Be quick, but don’t hurry. – John Wooden
For any defense attorney a criminal trial is a balancing act. A criminal defense attorney must tailor the message for the jury selected, but still aggressively pick apart the allegations made by the State. A successful defense requires effective advocacy and protection of constitutional rights. But, for the young trial attorney, a criminal trial may involve balancing acts, so much so that it can be compared to attempting to perfect a smooth golf swing while, at the same time, adjusting to the speed of the NFL game.
Many jurors, most prosecutors, and nearly all judges bring more life experiences to the courtroom than the young trial attorney. Frequently, the only common ground between a young criminal defense attorney and the prosecutor and judge is the law degree that all three hold. Accordingly, in order to respect, relate, and captivate one’s audience, the young trial attorney must convey a humble demeanor and quiet confidence, both in the courtroom and in the judge’s chambers; and all depends on sufficient preparation.
While the young trial attorney may be lean on trial experience, he may still draw upon past life experiences to be respectfully assertive during the trial.
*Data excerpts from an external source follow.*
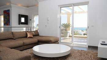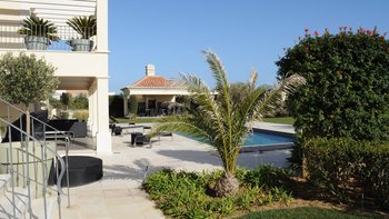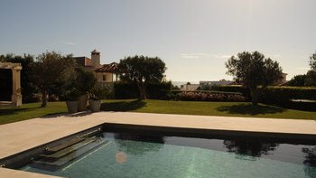 Diese moderne Villa mit vier Schlafzimmern bietet einen herrlichen Blick auf das Meer und einen schönen Garten mit Rasen und den zusätzlichen Vorteil der Resort-Einrichtungen.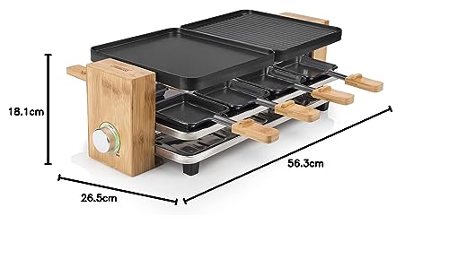 Princess 162910 Raclette Pure 8 – Parrilla, Plataforma para Sartenes, Estructura de Bambú [Clase de eficiencia energética A]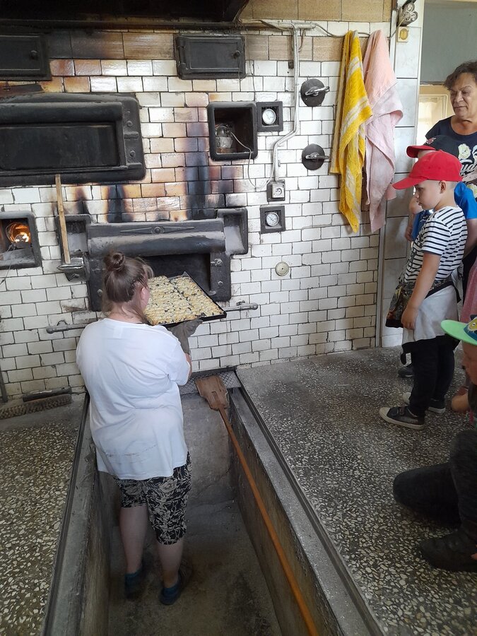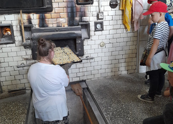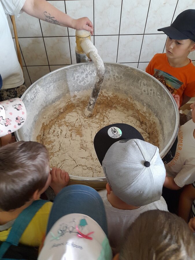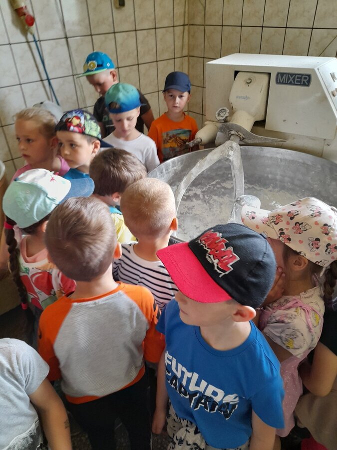Dzieci z grupy Misie podczas realizacji tematu: „Moja miejscowość, mój region”, wybrały się na wycieczkę. Zajęcia zaczęliśmy od poznania herbu i obszaru gminy Włoszakowice oraz Święciechowa. Dzieci wymieniały według własnego pomysłu godne zobaczenia miejsca z każdej miejscowości ( Zbarzewo, Gołanice i Jezierzyce Kościelne), a później udaliśmy się na spacer podczas, którego tworzyliśmy mapę Jezierzyc Kościelnych. Pierwszego dnia widzieliśmy mleczarnię, pracę rolników na polu, a także bociana stojącego na lampie w pobliżu swojego gniazda. W drugim dniu nasza trasa objęła takie miejsca jak Kwiaciarnia gdzie Pani Kamila opowiadała nam o Kwiatach, warzywach i drzewkach a także rodzaju ziemi, która odgrywa ważną rolę przy uprawie roślin, sadzenia rozsad czy wsadzania drzew iglastych. Na zakończenie spotkania w kwiaciarni otrzymaliśmy piękne kwiaty, które zdobią naszą salę przedszkolną, a jednocześnie dzieci uczą się dbania o nie. Następnym przystankiem była Piekarnia tradycyjna. U Pana Romana mogliśmy zobaczyć jak wygląda piekarnia od środka. Z wielkim zainteresowaniem dzieci przyglądały się pracy piekarzy, utrwaliły sobie etapy powstawania pieczywa oraz produkty potrzebne do jego wypieku. Przedszkolaki zobaczyły duże maszyny niezbędne do pracy piekarza m.in. misy na ciasto, maszyny do wyrabiania ciasta na pieczywo oraz ogromny piec do jego wypiekania. Na podsumowanie tego spotkania każdy poczęstował się ciasteczkiem.

Those life lessons, coupled with the hands-on experience of dozens of criminal trials, can then lead the young trial attorney to view the mechanics of a criminal trial like that of the aforementioned golf swing – preparation is king; allow the muscle memory to control; and always focus on the task at hand.
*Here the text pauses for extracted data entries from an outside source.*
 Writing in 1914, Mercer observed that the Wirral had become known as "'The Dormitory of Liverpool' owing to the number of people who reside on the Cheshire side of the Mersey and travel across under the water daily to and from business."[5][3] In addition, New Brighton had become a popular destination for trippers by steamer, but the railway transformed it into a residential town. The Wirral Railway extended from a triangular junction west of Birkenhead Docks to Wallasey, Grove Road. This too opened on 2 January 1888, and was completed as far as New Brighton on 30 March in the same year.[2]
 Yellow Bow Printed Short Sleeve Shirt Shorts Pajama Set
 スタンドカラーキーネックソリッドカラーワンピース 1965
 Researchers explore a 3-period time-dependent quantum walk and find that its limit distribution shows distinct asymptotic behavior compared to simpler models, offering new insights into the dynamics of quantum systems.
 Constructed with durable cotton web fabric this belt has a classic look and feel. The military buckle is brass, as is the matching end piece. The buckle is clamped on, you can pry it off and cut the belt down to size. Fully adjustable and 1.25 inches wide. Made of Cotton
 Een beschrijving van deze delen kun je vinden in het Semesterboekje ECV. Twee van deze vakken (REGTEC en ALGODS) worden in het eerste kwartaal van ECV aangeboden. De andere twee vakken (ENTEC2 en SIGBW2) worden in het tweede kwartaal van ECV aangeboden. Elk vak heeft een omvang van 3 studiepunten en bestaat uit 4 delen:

Only if the young trial attorney is cognizant of those three pillars – preparation, muscle memory, and focus – can he then begin to adapt to the speed at which many issues arise at trial, for it is oftentimes this speed that proves to be the most challenging.
Fortunately for our clients, KesslerWilliams, LLC, a criminal litigation and trial practice, is much more successful in the courtroom than on the golf course.